[PATCHv4 00/43] ext4: support of huge pages

From: Kirill A. Shutemov
Date: Mon Oct 24 2016 - 20:19:42 EST


Here's respin of my huge ext4 patchset on top of v4.9-rc2 with couple of
fixes (see below).

Please review and consider applying.

I don't see any xfstests regressions with huge pages enabled. Patch with
new configurations for xfstests-bld is below.

The basics are the same as with tmpfs[1] which is in Linus' tree now and
ext4 built on top of it. The main difference is that we need to handle
read out from and write-back to backing storage.

As with other THPs, the implementation is build around compound pages:
a naturally aligned collection of pages that memory management subsystem
[in most cases] treat as a single entity:

- head page (the first subpage) on LRU represents whole huge page;
- head page's flags represent state of whole huge page (with few
exceptions);
- mm can't migrate subpages of the compound page individually;

For THP, we use PMD-sized huge pages.

Head page links buffer heads for whole huge page. Dirty/writeback/etc.
tracking happens on per-hugepage level as all subpages share the same page
flags.

lock_page() on any subpage would lock whole hugepage for the same reason.

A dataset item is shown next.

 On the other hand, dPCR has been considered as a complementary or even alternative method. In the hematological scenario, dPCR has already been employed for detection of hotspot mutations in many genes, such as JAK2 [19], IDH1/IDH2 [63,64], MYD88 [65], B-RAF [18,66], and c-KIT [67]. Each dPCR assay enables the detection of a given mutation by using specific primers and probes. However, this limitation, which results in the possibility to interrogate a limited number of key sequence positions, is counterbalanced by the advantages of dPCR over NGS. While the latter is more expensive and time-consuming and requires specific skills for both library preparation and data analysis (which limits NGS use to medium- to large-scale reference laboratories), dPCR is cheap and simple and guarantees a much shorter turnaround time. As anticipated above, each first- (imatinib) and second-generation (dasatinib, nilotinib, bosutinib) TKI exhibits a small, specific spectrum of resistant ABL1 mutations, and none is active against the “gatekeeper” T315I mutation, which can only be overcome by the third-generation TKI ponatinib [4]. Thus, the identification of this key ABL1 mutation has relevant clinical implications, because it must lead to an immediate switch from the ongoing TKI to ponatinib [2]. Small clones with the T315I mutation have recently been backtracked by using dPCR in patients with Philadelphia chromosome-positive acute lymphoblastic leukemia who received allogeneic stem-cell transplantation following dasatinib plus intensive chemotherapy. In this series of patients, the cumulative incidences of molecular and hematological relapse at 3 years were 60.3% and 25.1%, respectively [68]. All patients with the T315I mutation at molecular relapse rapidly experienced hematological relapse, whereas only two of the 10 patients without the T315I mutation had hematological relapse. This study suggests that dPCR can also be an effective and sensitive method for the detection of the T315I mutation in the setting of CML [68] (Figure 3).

On radix-tree, a huge page represented as a multi-order entry of the same
order (HPAGE_PMD_ORDER). This allows us to track dirty/writeback on
radix-tree tags with the same granularity as on struct page.

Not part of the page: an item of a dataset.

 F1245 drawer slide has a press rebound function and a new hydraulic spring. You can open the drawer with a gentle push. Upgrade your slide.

We read out whole huge page at once. It required bumping BIO_MAX_PAGES to
not less than HPAGE_PMD_NR. I defined BIO_MAX_PAGES to HPAGE_PMD_NR if
huge pagecache enabled.

On IO via syscalls, we are still limited by copying upto PAGE_SIZE per
iteration. The limitation here comes from how copy_page_to_iter() and
copy_page_from_iter() work wrt. highmem: it can only handle one small
page a time.

On write side, we also have problem with assuming small pages: write
length and offset within page calculated before we know if small or huge
page is allocated. It's not easy to fix. Looks like it would require
change in ->write_begin() interface to accept len > PAGE_SIZE.

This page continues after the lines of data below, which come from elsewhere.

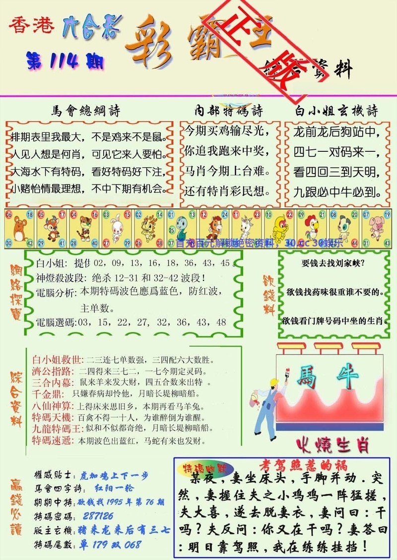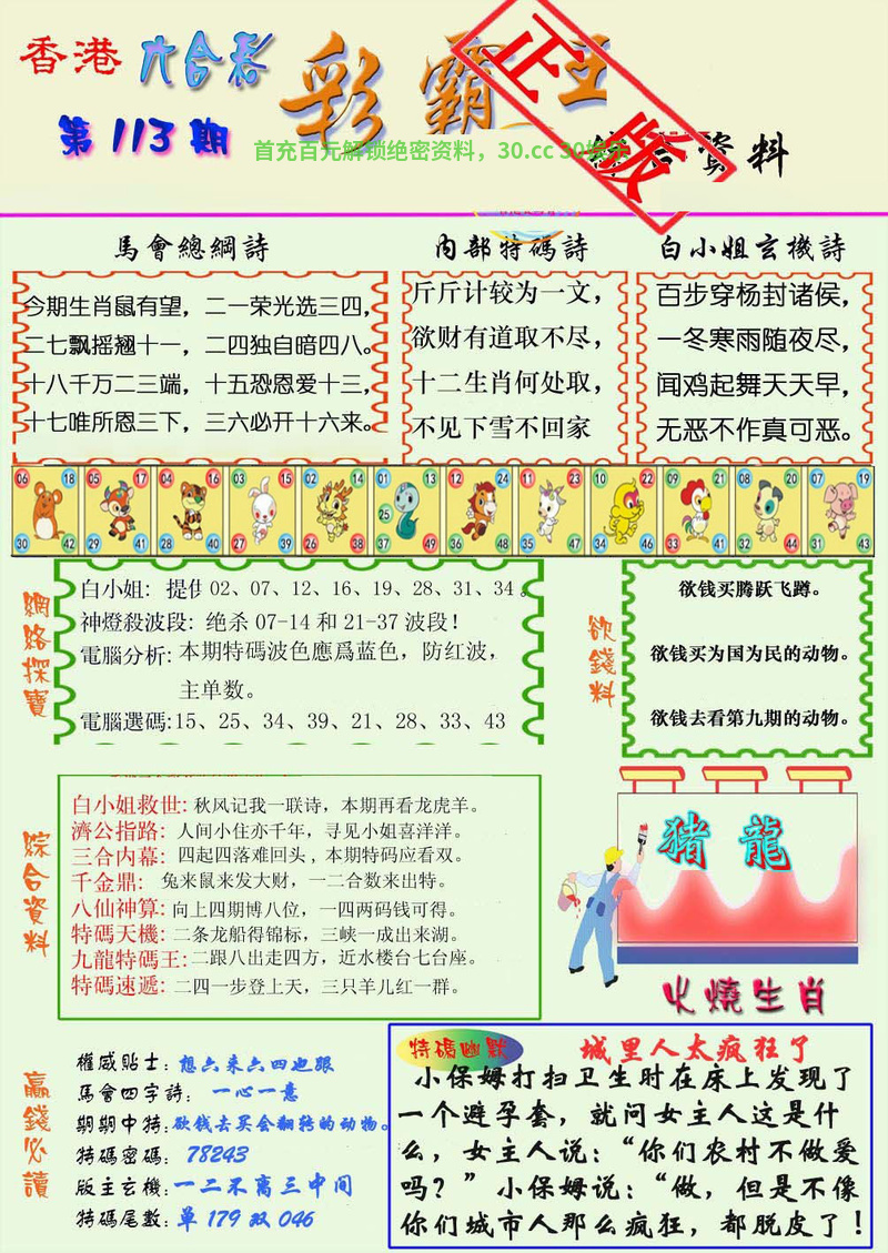 | 112期:单【牛羊蛇猪】双【龙鼠马猴】开:龙02准 |
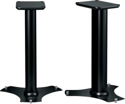 ブックシェルフスピーカー用のスピーカースタンド「AS-12EX」は、スタンド自身の揺れの共振周波数を可聴帯域以下とし、インパルス波形の反作用を効果的に吸収するという新しい設計理論を取り入れて設計された。サイズは幅400×高さ579×奥行き357mmで、重さは1本5.5kg。床面との接点は3点支持構造を採用する。
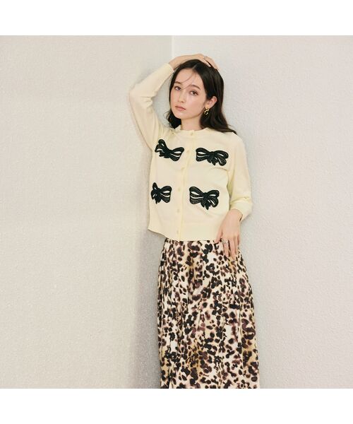 ・シンプルな本体にリボンモチーフを施したニットカーディガン。

On split_huge_page() we need to free buffers before splitting the page.
Page buffers takes additional pin on the page and can be a vector to mess
with the page during split. We want to avoid this.
If try_to_free_buffers() fails, split_huge_page() would return -EBUSY.

Readahead doesn't play with huge pages well: 128k max readahead window,
assumption on page size, PageReadahead() to track hit/miss. I've got it
to allocate huge pages, but it doesn't provide any readahead as such.
I don't know how to do this right. It's not clear at this point if we
really need readahead with huge pages. I guess it's good enough for now.

Shadow entries ignored on allocation -- recently evicted page is not
promoted to active list. Not sure if current workingset logic is adequate
for huge pages. On eviction, we split the huge page and setup 4k shadow
entries as usual.

Unlike tmpfs, ext4 makes use of tags in radix-tree. The approach I used
for tmpfs -- 512 entries in radix-tree per-hugepages -- doesn't work well
if we want to have coherent view on tags. So the first 8 patches of the
patchset converts tmpfs to use multi-order entries in radix-tree.
The same infrastructure used for ext4.

Encryption doesn't handle huge pages yet. To avoid regressions we just
disable huge pages for the inode if it has EXT4_INODE_ENCRYPT.

Tested with 4k, 1k, encryption and bigalloc. All with and without
huge=always. I think it's reasonable coverage.

The patchset is also in git:

git://git.kernel.org/pub/scm/linux/kernel/git/kas/linux.git hugeext4/v4

[1] http://lkml.kernel.org/r/1465222029-45942-1-git-send-email-kirill.shutemov@xxxxxxxxxxxxxxx

Changes since v3:
- account huge page to dirty/writeback/reclaimable/etc. according to its
size. It fixes background writback.
- move code that adds huge page to radix-tree to
page_cache_tree_insert() (Jan);
- make ramdisk work with huge pages;
- fix unaccont of shadow entries (Jan);
- use try_to_release_page() instead of try_to_free_buffers() in
split_huge_page() (Jan);
- make thp_get_unmapped_area() respect S_HUGE_MODE;
- use huge-page aligned address to zap page range in wp_huge_pmd();
- use ext4_kvmalloc in ext4_mpage_readpages() instead of
kmalloc() (Andreas);

Changes since v2:
- fix intermittent crash in generic/299;
- typo (condition inversion) in do_generic_file_read(),
reported by Jitendra;

TODO:
- on IO via syscalls, copy more than PAGE_SIZE per iteration to/from
userspace;
- readahead ?;
- wire up madvise()/fadvise();
- encryption with huge pages;
- reclaim of file huge pages can be optimized -- split_huge_page() is not
required for pages with backing storage;